Vie Sauvage > Philémon Cimon

À l’occasion de la Collection Automne 2015 de Vie Sauvage, Happe:n donne Carte Blanche au Festival bourquais pour une série d’interviews des acteurs présents le 17 octobre au Champ de Foire. Cinquième interview : Philémon Cimon

Dans ta biographie on peut lire : « Je suis né à Cuba et j’ai grandi en Inde. Je suis allé à l’école en Espagne et j’ai pleuré en France. » Quel est ce rapport particulier que tu as avec la France ?

La France, c’est pour moi des souvenirs de voyages, des routes, des pommes, des pierres, des hôpitaux, des marrons écrasés, des longues journées à fixer le vide, et d’autres à se lancer dans la mer, comme si elle n’avait pas de fond. C’est une petite part de mon origine. Des livres, des chansons, du manger. Bref, c’est nouveau.

Tu as remporté le prix Félix Leclerc de la chanson en 2014. Qu’est-ce que cela t’as apporté ?

De l’argent (!) pour faire un 3e album (!) et une part de fierté (!), parce que je suis un grand (!) admirateur (!) du très (!) grand (!!)  Félix (!!!).
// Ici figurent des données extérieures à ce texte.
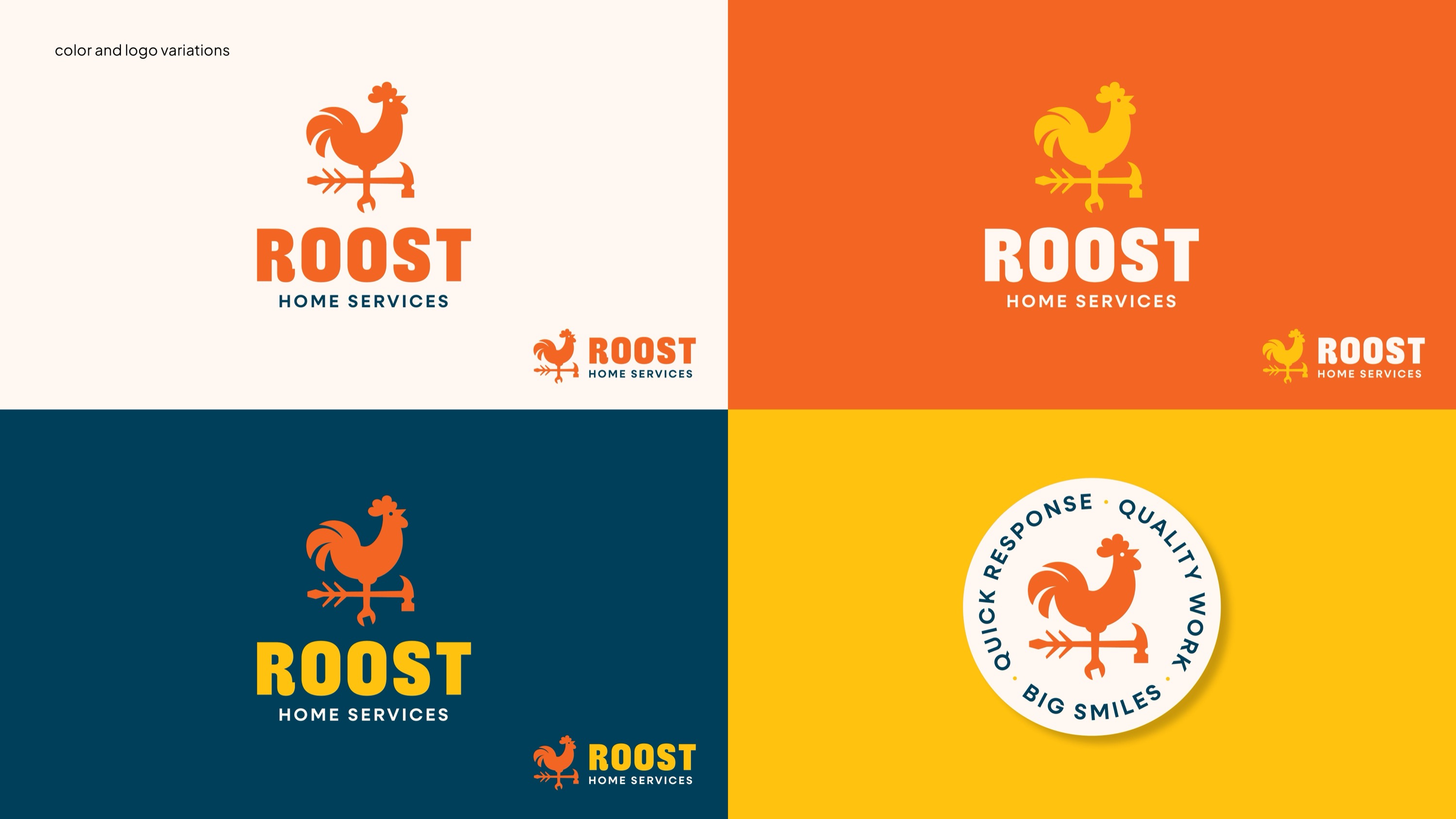 Roost set out to bring clarity, quality, and peace of mind to the often chaotic world of home repair—especially for busy, high-end homeowners in Southern Maine. With a curated network of skilled tradespeople and a single point of contact, Roost makes it easy to manage everything from window rot to deck repairs with clear estimates, responsive communication, and real progress updates. The identity needed to feel professional yet warm—trustworthy without being dry. The resulting brand system strikes that balance through a confident color palette, friendly type, and a distinctive mark that combines a rooster and tools—symbolizing both dependability and craft. From logomark to messaging, every detail was designed to help Roost stand out in a crowded category and signal a new, more enjoyable way to get things done around the house.

Et bien plus.

Penses-tu que Radio Elvis aurait sa place dans la merveilleuse scène musicale québécoise ?

Oui ! On a toujours de la place. Il faut juste la faire. Non ?

Pour notre collection automne 2015, tu te produiras en show-case. Quel sort vas-tu nous jeter ?

Hahahahahahah ! Je ne jette pas vraiment de sort. Ou si peu. Ou bien j’ai oublié ou il sentait pas bon. Enfin j’ai jamais tué de chat. Mais ce n’est pas une raison pour ne pas jeter de sort, ça, quand on le peut, tous les jours, tout le temps, à soi, ou aux autres, ou à soi.